2.2. Information we collect automatically

  • Authentication data — session tokens, IP address, user agent, and (where you sign in with Google) the OAuth identity payload returned by Google.
  • Usage telemetry — pages visited, actions performed, API calls made, and timestamps, used to operate the Service and diagnose problems.
  • Audit log — an immutable record of actions taken on each verification job, including who did what and when. This record is essential to the integrity of an Attestation Certificate.
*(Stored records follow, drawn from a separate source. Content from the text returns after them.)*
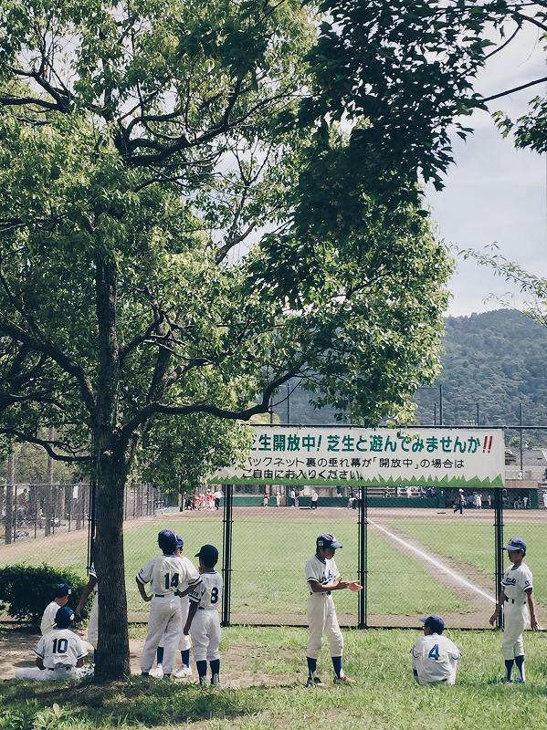 學(xué)校近くの木の下で、休憩する野球少年たち。座ったり、立っていたり、おしゃべりする子供たちも。そんな子供たちの様子を切り取ってみた。
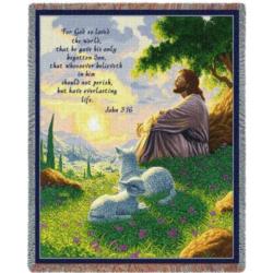 For God So Loved The World, John 3:16 Green Pastures - reads: "For God so loved the world, that he gave his only begotten Son, that whosoever believeth in him should not perish, but have everlasting life." Every coverlet and afghan with scripture make unique gifts. Scene with Jesus and lambs throws are 100% cotton, made in the USA. Give a gift of Love.
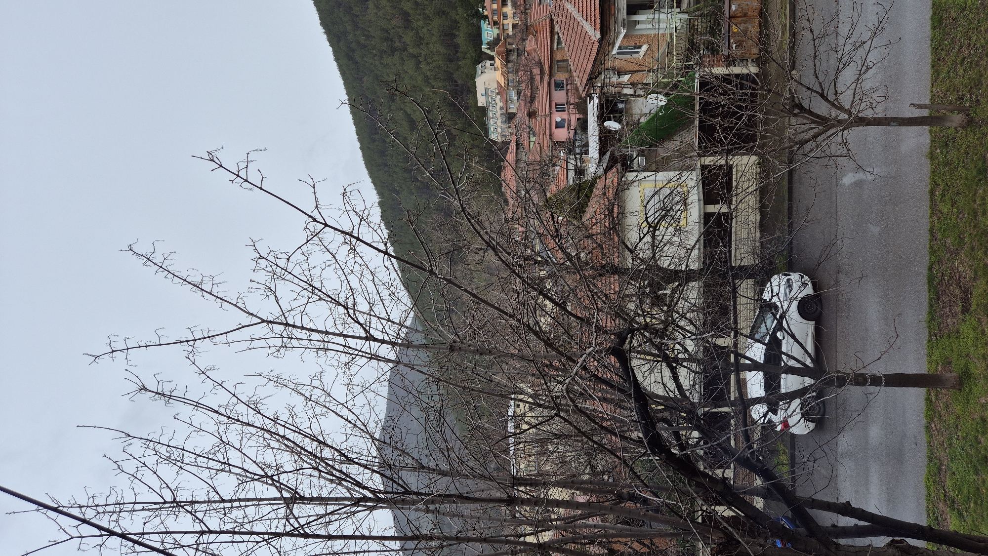 view from an elevated position, likely a balcony or window, overlooking a street in what appears to be Sliven, Bulgaria. In the foreground, bare branches of trees obscure part of the scene. Behind the trees, there is a street with a white car parked along the side. Beyond the street are buildings with red-tiled roofs, typical of the region. Further in the background, a forested hillside rises, creating a natural backdrop to the urban landscape. The sky is overcast, suggesting a cloudy day. There are no visible people or interactions in the scene. The environment consists of both natural and man-made elements, typical of a town nestled against a mountain.

3. Why we process your information

We process Personal Information for the following purposes, and on the corresponding lawful bases:

  • To provide the Service (performance of a contract with you under POPIA s 11(1)(b)) — including account creation, decomposition of AI Output into claims, AI-assisted triage, reviewer workflow, and issuance of Attestation Certificates.
  • To process payments (performance of a contract) — through our payment provider.
  • To maintain the integrity of attestations (legitimate interest under POPIA s 11(1)(f), and compliance with legal obligation under s 11(1)(c)) — including cryptographic hashing of certified outputs and retention of an immutable audit log.
  • To improve the Service (legitimate interest) — through aggregate or anonymised analytics on AI tool performance, reviewer workload, and matrix calibration.
  • To communicate with you about service updates, security notices, and (with your consent) product news.
  • To comply with law, respond to legal process, and protect our rights and the rights of others.

4. Who we share it with

We do not sell your Personal Information. We share information only with the following categories of recipient:

  • Within your Organisation — other Users associated with your Organisation may see jobs, claims, and attestations associated with that Organisation, in accordance with row-level security and the role assigned to each User.
  • Sub-processors and infrastructure providers — described in section 5 below.
  • Professional advisers — lawyers, auditors, and insurers, where reasonably necessary.
  • Authorities — courts, regulators, and law-enforcement bodies where required by law or where necessary to protect our rights or the rights of others.
  • Successors in a corporate transaction — in the event of a sale, merger, restructuring, or transfer of substantially all of our assets, subject to confidentiality obligations and continued application of this Policy.

5. Sub-processors

We rely on the following sub-processors to operate the Service. Each is bound by appropriate confidentiality and data-protection terms.

ProviderPurposeRegion
SupabaseDatabase, authentication, and encrypted file storage.European Union
VercelWeb application hosting and edge delivery.United States / European Union
AnthropicAI processing of submitted content for decomposition and triage. Anthropic does not train its production models on API content.United States
PaystackPayment processing and invoicing.South Africa
GoogleFederated sign-in (only when you sign in with Google).United States

6. Cross-border transfer

Because some of our sub-processors are located outside South Africa, your Personal Information may be transferred to and processed in the European Union or the United States. Such transfers are made in compliance with section 72 of POPIA, in reliance on the recipient's adherence to laws or binding corporate rules that uphold a level of protection substantially similar to POPIA, on Standard Contractual Clauses, or on your consent where applicable.

7. Retention

We keep Personal Information only for as long as is necessary for the purposes for which it was collected, or as required by law. In particular:

  • Account information is retained for the life of your account and for a reasonable period after closure to handle wind-down issues.
  • Verified outputs, attestation certificates, and the corresponding audit log are retained indefinitely so that historic attestations remain verifiable. This is essential to the trust model of the Service.
  • Logs and telemetry are retained for up to twelve months unless a longer period is required to investigate a security or integrity incident.

8. Your rights

As a data subject under POPIA you have the right, subject to the conditions and exceptions set out in the Act, to:

  • Confirm whether we hold Personal Information about you and request access to it (POPIA s 23);
  • Request correction or deletion of Personal Information that is inaccurate, irrelevant, excessive, out of date, incomplete, misleading, or obtained unlawfully (POPIA s 24);
  • Object to the processing of your Personal Information on reasonable grounds (POPIA s 11(3));
  • Withdraw any consent you have given (POPIA s 11(2)(b)); and
  • Lodge a complaint with the Information Regulator of South Africa.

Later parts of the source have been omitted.